= EXERCISE INSTRUCTIONS =
From the listing below, retype exactly the line holding "由中国文化管理协会、中国大众", the line holding "and share it |", and the lines between them; skip everything else.

= AVAILABLE DATA =
-------

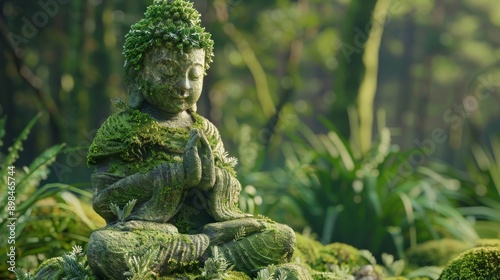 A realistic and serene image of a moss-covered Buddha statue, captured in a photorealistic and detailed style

-------

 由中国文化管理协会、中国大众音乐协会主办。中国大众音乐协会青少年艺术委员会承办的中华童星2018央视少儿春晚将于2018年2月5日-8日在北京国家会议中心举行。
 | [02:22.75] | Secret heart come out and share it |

-------

= TASK ANSWER =
 由中国文化管理协会、中国大众音乐协会主办。中国大众音乐协会青少年艺术委员会承办的中华童星2018央视少儿春晚将于2018年2月5日-8日在北京国家会议中心举行。
 | [02:22.75] | Secret heart come out and share it |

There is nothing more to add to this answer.